What if the numerator = 2 and denominator = 8. What will be the result?
Examples:
1)
numerator = 6! = 720
denominator = 2!*2!*2! = 8
6!/(2!*2!*2!) = 90
2)
numerator = 36! = 371993326789901217467999448150835200000000
denominator = 1!*1!*4!*7!*4!*8!*9!*2! = 84950623715328000
36!/(1!*1!*4!*7!*4!*8!*9!*2!) = 4378935792590077118400000
October 2nd, 2012, 12:10 AM

Originally Posted by paper01
What if the numerator = 2 and denominator = 8. What will be the result?
Examples:
1)
numerator = 6! = 720
denominator = 2!*2!*2! = 8
6!/(2!*2!*2!) = 90
2)
numerator = 36! = 371993326789901217467999448150835200000000
denominator = 1!*1!*4!*7!*4!*8!*9!*2! = 84950623715328000
36!/(1!*1!*4!*7!*4!*8!*9!*2!) = 4378935792590077118400000
That's why you eliminate all factors of 2 and 5 first from both the numerator and denominator.
371993326789901217467999448150835200000000 = (2^34) (5^8) 55431325255319657544493593.
84950623715328000 = (2^25) (5^3) 20253807.
36!/(1!*1!*4!*7!*4!*8!*9!*2!) = (2^9) (5^5) 55431325255319657544493593/20253807,
which has the same last nonzero digit as (2^4) 55431325255319657544493593/20253807,
and this last number has no zeros at the end (not being divisible by 5).
3/7 (mod 10) is 9 (since 7*9 = 63).
9*(2^4) (mod 10) is 9*2*2*2*2 (mod 10), which is 4.
Theorem.
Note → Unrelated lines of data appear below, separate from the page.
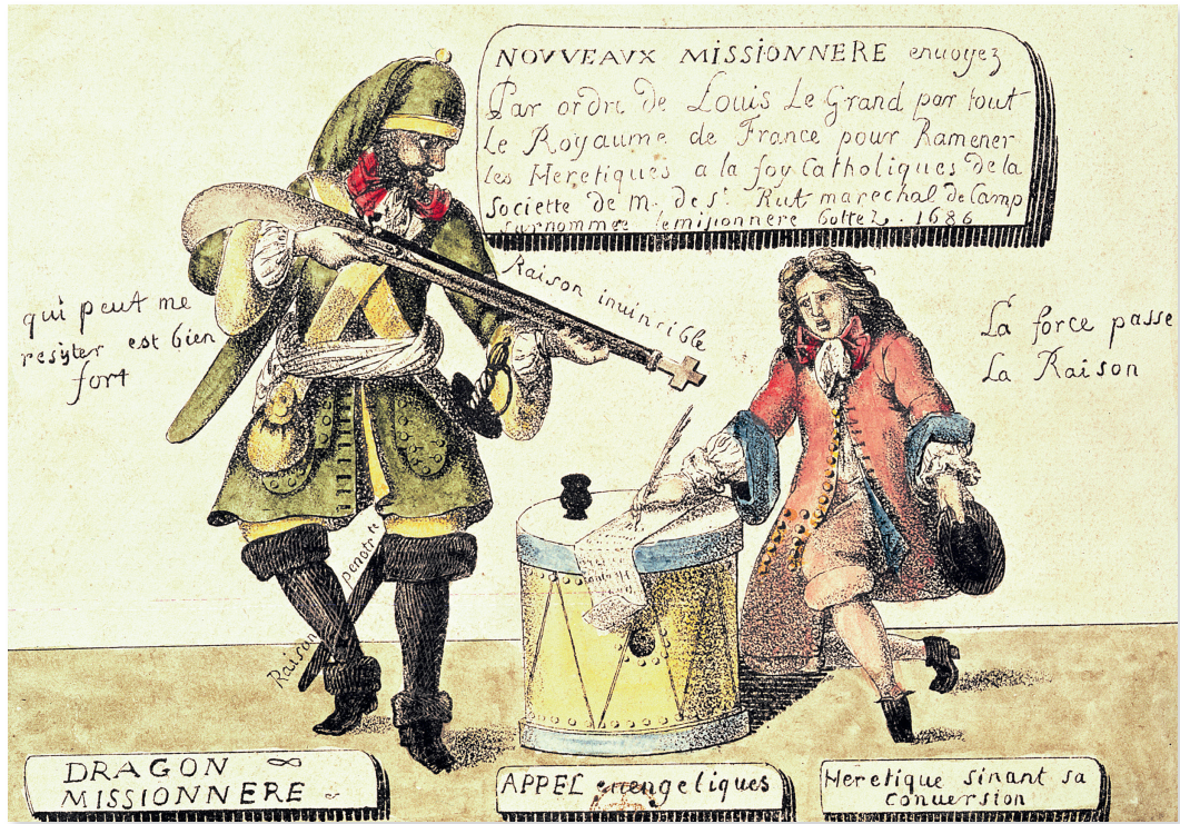
Une représentation des « dragonnades ».
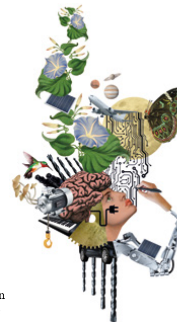
För konferensen Cross Con beställdes en specialdesignad illustration av Sofia Scheutz.

Under 2023 har vi utvecklat våra metoder för uppföljning och analys med vidareutbildning i Google Analytics 4 och en struktur för återkommande uppföljning av digitala kanaler. Vi har även finslipat vår mötesstruktur med syftet att skapa tydlighet och mer insyn för alla på avdelningen.
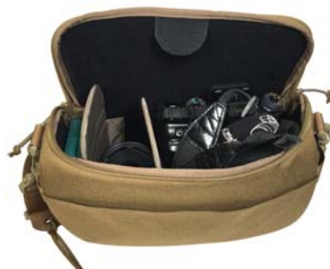
収納イメージ(内容物は付属しません。)
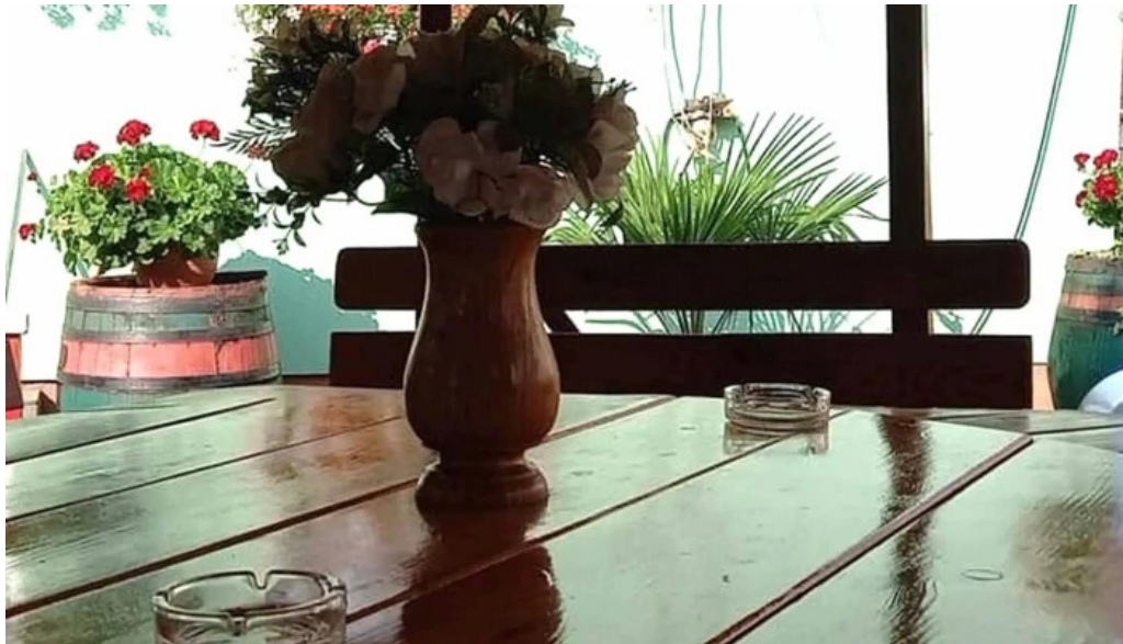
Pensiunea melinda instagram
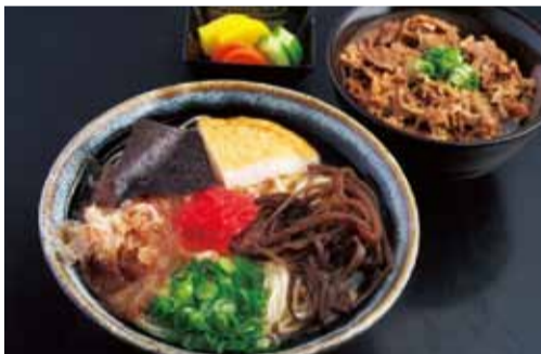
〒久留米市六ツ門町21-1 ☎0942-39-5151 🕒11:00~05:19:45 🍷火曜 〇26席 🍷なし 📱カード/不可 喫煙/不可

昭和8年創業。看板メニューは、うるめ節とかつお節で丁寧にとったスープとストレート麺が特徴の『中華うどん』(480円)。丸天や海苔、紅ショウガにネギ、ふんわりさせたほんぶしが湯気に踊りながらお目見えします。ツルっと麺をすすると鼻に抜けるスープの味が優しく、地元で長く店を営む秘訣が感じられます。国産牛肉を甘辛く煮込んだミニ肉めしが付いてくる『一平セット』(930円)もおすすめ。
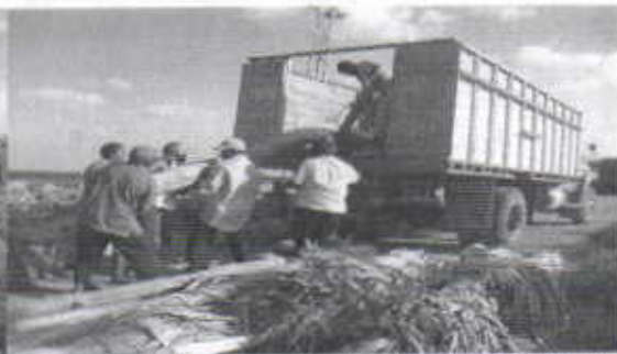
Recogiendo el decomiso en el muelle de PENSOPORT
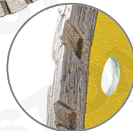
Banda de diamante
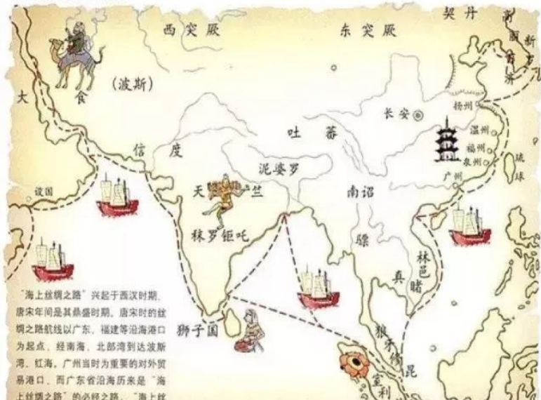
唐宋时期海上丝绸之路示意图
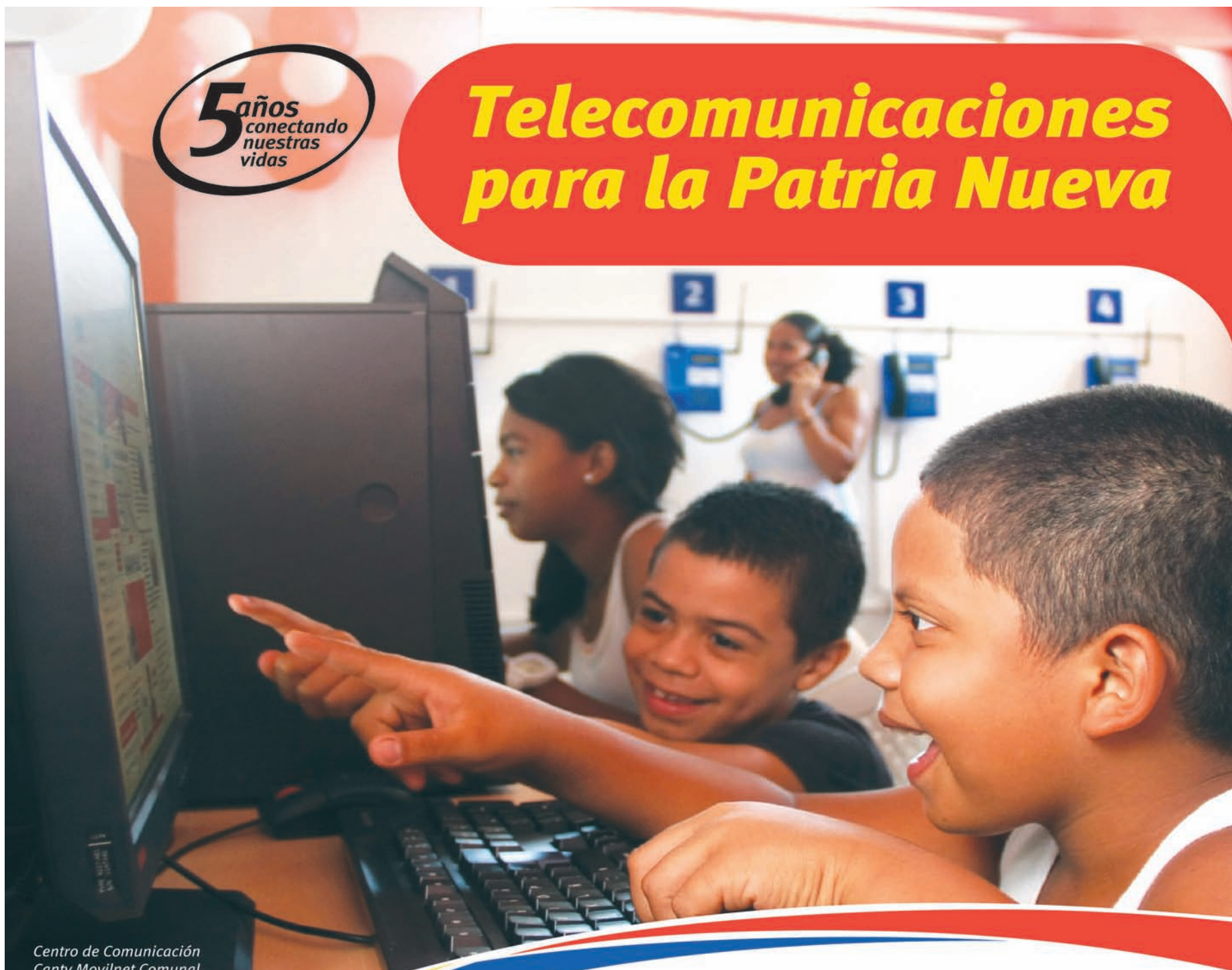
Centro de Comunicación Cantv Movilnet Comunal. Marare - Valles del Tuy.

Ahora en cada rincón de Venezuela, las niñas y niños tienen asegurado el acceso a los servicios de telefonía e Internet, a través de los Centros de Comunicación Cantv Movilnet Comunal, un logro más del Poder Popular.
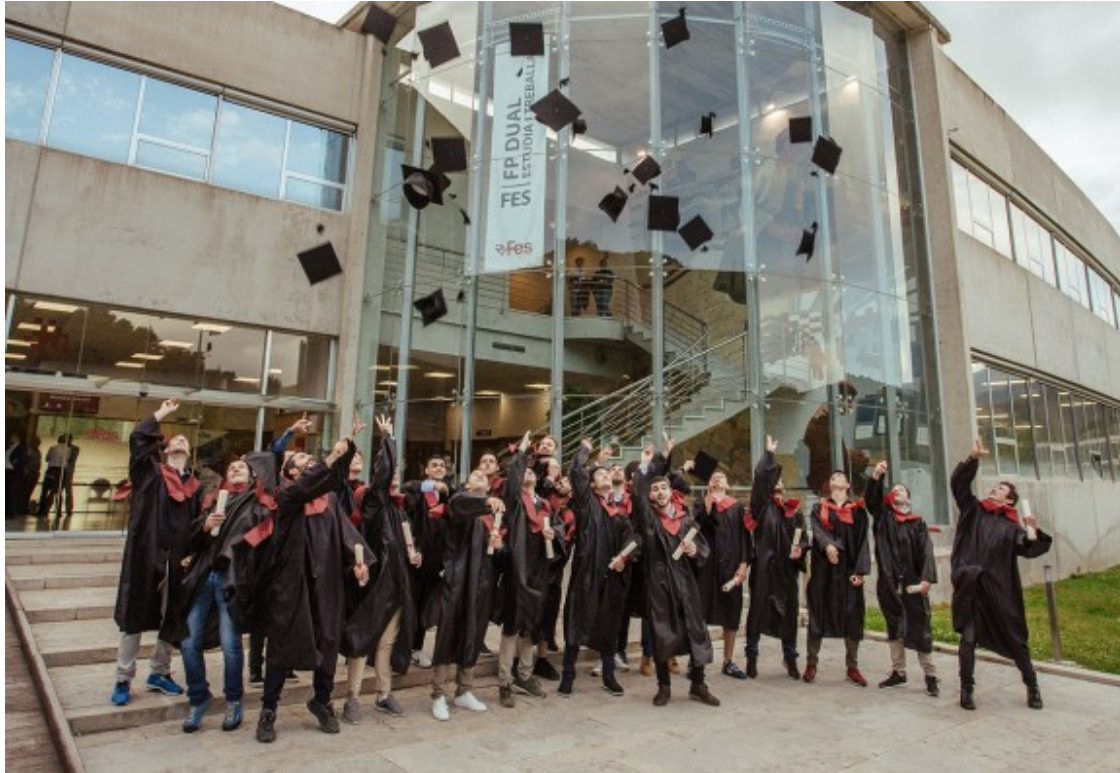
Els graduats de la FES tenen una inserció que frega el 100%.

En el cas de l'oferta de la Fundació Eduard Soler -Robòtica, Automatització i Mecatrònica ( https://www.fes.cat/formacio/cicles-formatius-grau-superior/mecatronica/ ) ; i Disseny i Programació Avançada ( https://www.fes.cat/wp-content/uploads/2019/03/robot.png ) -, la inserció laboral frega el 100%. ¿Són els alumnes els que acaben triant l'empresa on volen realitzar les pràctiques en alternança dual?, explica Casals a NacióDigital . ¿Són professionals molt demandats i ben valorats laboralment i econòmicament. Ho demostra el fet que vora el 60% dels nostres alumnes ja tenen contracte indefinit en acabar el cicle?, afegeix.
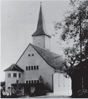
Nordfassade, 1935 mit dem Anbau für die Emporentreppe.
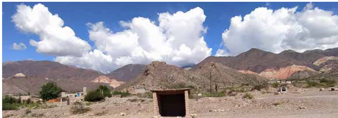
Figura 2. Huichaira, vista del pueblo desde RN 9.
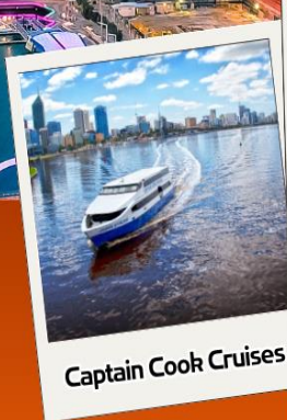
Captain Cook Cruises
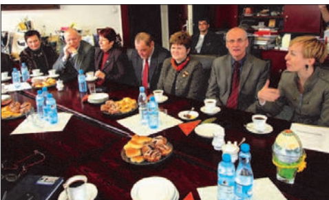
Delegacja z Druskiennik debatowała w gabinecie Burmistrza Miasta nad realizacją wspólnych projektów z kierownikami Referatów UM w Mrągowie i jednostek podległych.

Z wizytą roboczą w Mrągowie przebywali przedstawiciele litewskiego miasta Druskienniki. Samorządowcy zwiedzali nasze miasto oraz poznawali unijne programy wspierające inwestycje i rozwój turystyki. Wszystko po to, by w przyszłości podpisać umowę partnerską w celu wspólnego pozyskiwania funduszy z Unii Europejskiej.
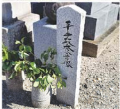
東雲寺(西区中田井1-331)にある首塚。当地の織田藤左衛門家へアピールする意味があったのかもしれない

歴史ライター。中日新聞Webで達人に訊け」で信長について連載中。鳴海中日文化センターでは若き信長と桶狭間の戦い、名所スタンプラリー講座」開講中。ローズ倶楽部でも現地歩き講座を開催。
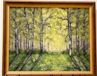
akryl na podłożu fakturowanym - wiosna
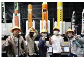
筑波宇宙センター

10月23日から25日まで、5年生が臨海自然教室に行ってきました。初日の午前中は、筑波宇宙センターを見学しました。宇宙服や宇宙船などとてもわくわくしながら見学しました。午後は、とちぎ海浜自然の家で館内オリエンテーリング、夜にはナイトハイキングをしました。2日目は早朝に海岸散歩をして、午前中は野外調理、午後は砂浜活動を行いました。3日目は、塩づくりと壺焼きいもを作りました。2泊3日という小学校生活で一番長い行事ですが、その分児童同士の連帯感や協調性が高まりました。また、早朝の海風の気持ちよさや火起こしの難しさ、塩を作る大変さなど普段体験できないことを学ぶことができました。
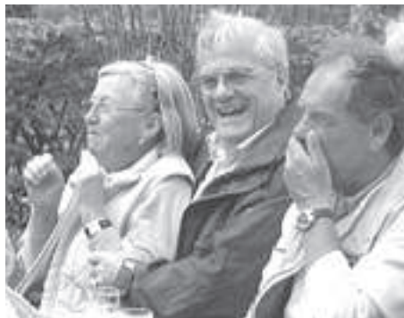
Sichtlich gutgelaunte Schnadgänger beim Abschließenden Grillen.

Überdas Gerstholz führte der Weg weiter bis in die Kirchensiedlung, wo ein Stein, der an unser 1000-jähriges Jubiläum erinnern soll, an der Jubiläumsbuche gesetzt wurde. Hier soll demnächst auch die von der Stadt Lippstadt geschenkte Bank aufgestellt werden. Von hier ging es weiter zum Gemeindezentrum, wo bereits die Bökenförder-Bauern-Bar auf die Schnadgänger wartete, um deren Durst zu stillen. Leckerein gab es vom großen Schwenkgrill, an dem jeder große oder kleine Hunger gestillt werden konnte. Auch für die Unterhaltung der jüngsten Schnadgänger war mit allerlei Spielen und einer Gocartrally gesorgt. Nachdem Dirk Ruholl die Sieger des Fragespiels während des Schnadgan-
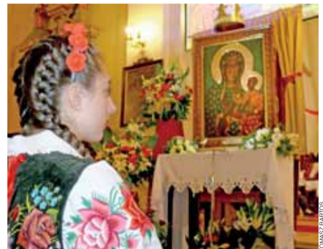
Kopia obrazu Matki Bożej Częstochowskiej w domaniewickim kościele witana była przez dzieci i młodzież ubraną w stroje ludowe.

Terminarz peregrynacji: 16 czerwca – par. Belchów, 17 czerwca – Nieborów, 18 czerwca – Bednary, 19 czerwca – Kompina, 20 czerwca – Kocierzew, 21 czerwca – Boczek, 22 czerwca – par. M.B. Nieustającej Pomocy na Korabce w Łowiczu (misje od 18 do 22 czerwca), 23 czerwca par. katedralna w Łowiczu. Tam misje będą od niedzieli, 18 czerwca do czwartku, 22 czerwca. Zakończenie Nawiedzenia w parafii katedralnej oraz w diecezji łowickiej będzie w sobotę, 24 czerwca. mak
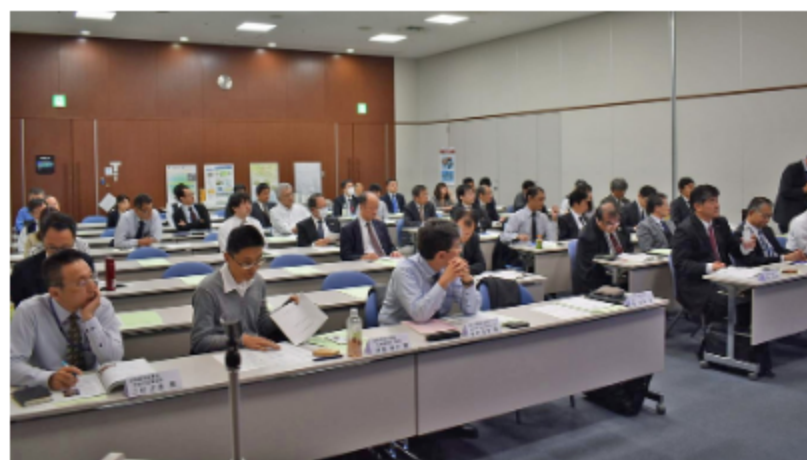
令和元年11月26日 場所:サンポートホール高松

「学びの場」のステージ1では、実用化先行企業の講師等に成功のポイントや苦労談を話していただくセミナーなどを開催し、これから取り組む企業がスムーズに取組めることを目指しています。
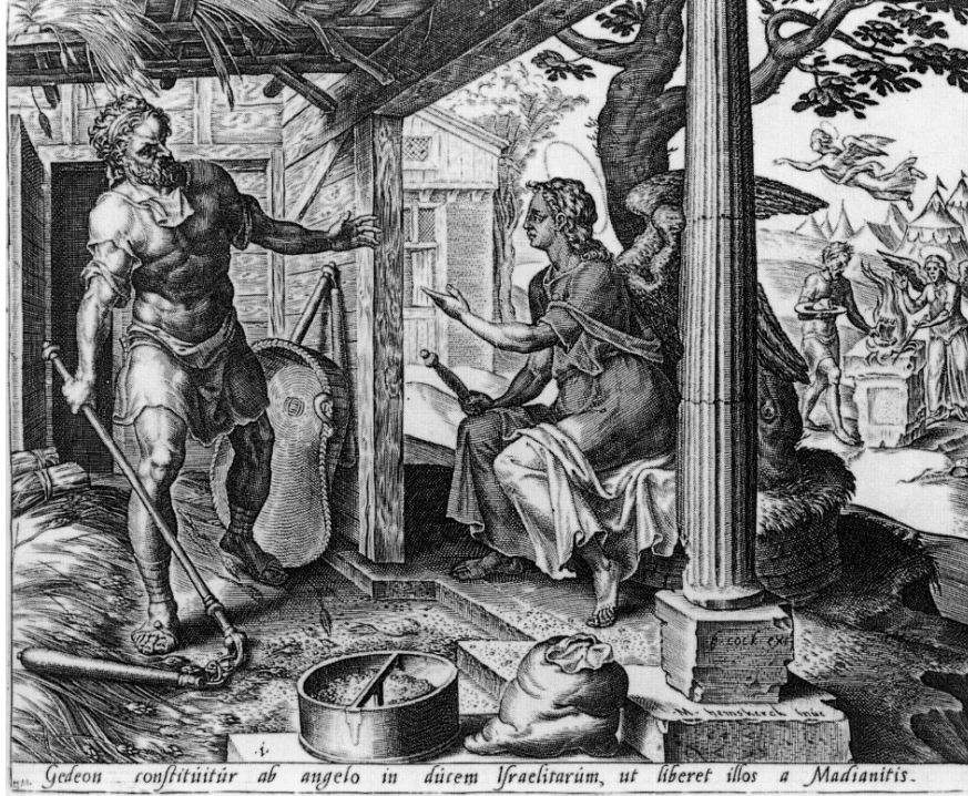
1. Presentación del Ángel ante Gedeón y sacrificio
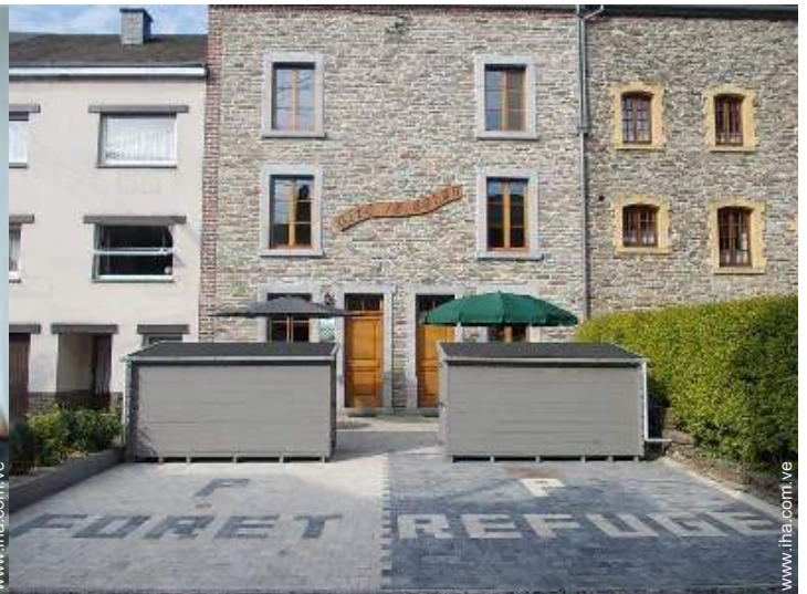
Marco exterior a disposición de los huéspedes
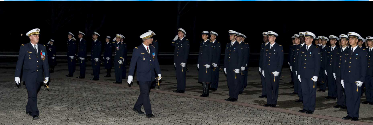
Archive 2014 – Baptême de promotion – Salon-de-Provence

Le plan de relance européen historique est donc acté. Ainsi débutera l'aventure au destin commun, aux liens indissociables.
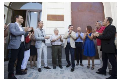
El alcalde, Juan Espadas, junto a representantes municipales y de los placeros, el día de la inauguración

Una vez terminadas las obras del mercado, se ha iniciado ya la construcción del nuevo centro deportivo, que contará con instalaciones de primer nivel e incorporarán los últimos avances tecnológicos en este campo. El coste estimado del centro
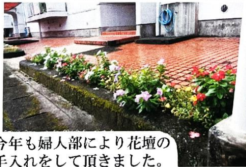
今年も婦人部により花壇の 手入れをして頂きました。

If A and B are positive integers not divisible by 2 or 5, then the last digit of A/B (if it is an integer) is uniquely determined by the last digit of A and the last digit of B.
October 6th, 2012, 07:44 AM

Ok, thank you very much for your help. This solution works.